Of course, cheap meters have a history of being — well — cheap. Then again, a meter like this doesn’t have that poor reliability switch to contend with. If you want the ultimate meter, snag an HP3458A. But it is bigger and much more expensive.

54 thoughts on “Multimeters Go Big Screen

  1. I bought an Aneng AN870 multimeter because it looked good on videos. I expected it to be readable and well-suited for my poor eyesight. Well, it works, sort of, but I need to use a flashlight to read it sometimes. I wish I got as many free test equipment as [Dave Jones] from EEVBlog so I could review it from my visual impaired perspective…

        1. One problem with that: I can’t really speak English. Well, I can, but the accent and pronunciation is all over the place. I can perfectly understand spoken English, read it with no problems, and I think I do a decent job writing in it, but my spoken English is a joke. So I’d probably write my reviews instead. In Polish. I just did a honest review of CNC router: https://www-elektroda-pl.translate.goog/rtvforum/topic3852676.html?_x_tr_sl=pl&_x_tr_tl=en&_x_tr_hl=pl

          1. The guy with the Swiss accent thought about the same of himself. As you seem to be interested in electronics, I’m pretty sure you know who I’m talking about, and if not search for Andreas Spiess on youtube. There are plenty of other examples like this. Don’t be shy and go for it, it is the content that is important!

            btw: The Aneng meter costs less, looks better and is slightly more ergonomic in my opinion. It is not a Fluke but for +/-30€ you can’t go wrong for as long you don’t take risks with high energy stuff. What is your opinion about its performance?

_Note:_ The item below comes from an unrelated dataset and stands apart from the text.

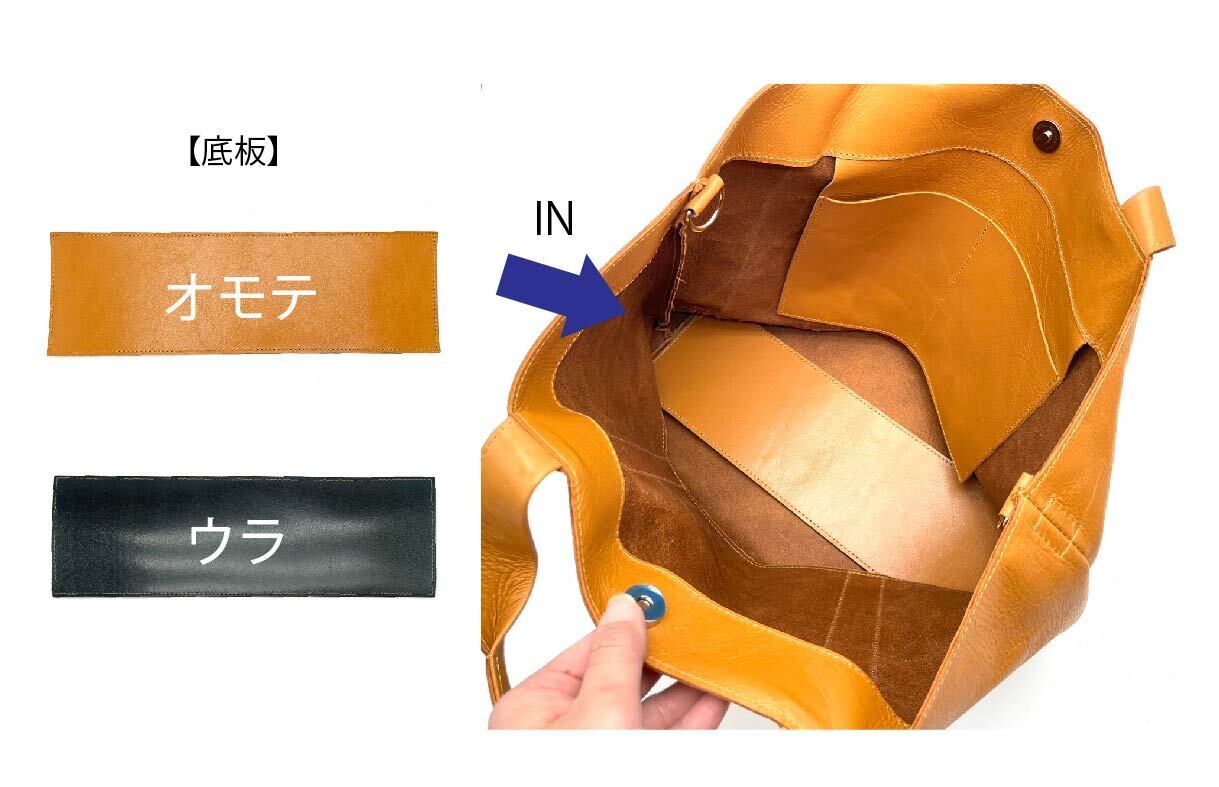 底板の表はバッグと同じデッドストック革を、裏は帽子のつばや靴の底芯などに使用されるしっかりとしたポリエチレンの発砲シートを張り合わせて、縫製をいれました。これで少し重い荷物でも型崩れの防止になります。

          2. SwAkE, I studied English philology at University and I talked with few native speakers. They had very hard time understanding me. The problem is that written English and spoken English are very different. Rules of pronunciation are barely connected to the way it’s written down. Polish, my native tongue is completely opposite – pronunciation relates to writing 100%. Once you know how to say any letter you can read any word in Polish. On the other hand polish grammar has more exceptions to the rules than rules themselves, that’s why it’s one of the hardest language to learn. Try to repeat this: https://www.youtube.com/watch?v=cgwOmTo8Pps

            As for Aneng it’s currently my most accurate multimeter. It’s quite good, but the display is not very bright. I can read the main reading, but all the tiny markings of mode and scale are absolutely too small. I either use a flashlight to read them or take a photo with smartphone to read them. I can’t compare it to any major brand meters as I can’t afford one.

            My oscilloscope is a fully analog soviet monster, built like a tank, heavy as a tank and it even operates a bit like a tank. I want to upgrade it to Siglent SDS1104X-U.

    1. Sounds like a custom back for a PinePhone. But does it have to be a one-piece thing, though? Maybe all you need is a scopemeter module that uses your phone as the user interface. Could be in the form factor of a ccope probe with a ground wire. You’d get full isolation with that, too. And it wouldn’t need a special phone, either.

      1. I’d never use my phone to test circuits directly through an attached dongle. Bad risk/reward. I would, however, consider using my phone as a wireless screen and log for a testing peripheral.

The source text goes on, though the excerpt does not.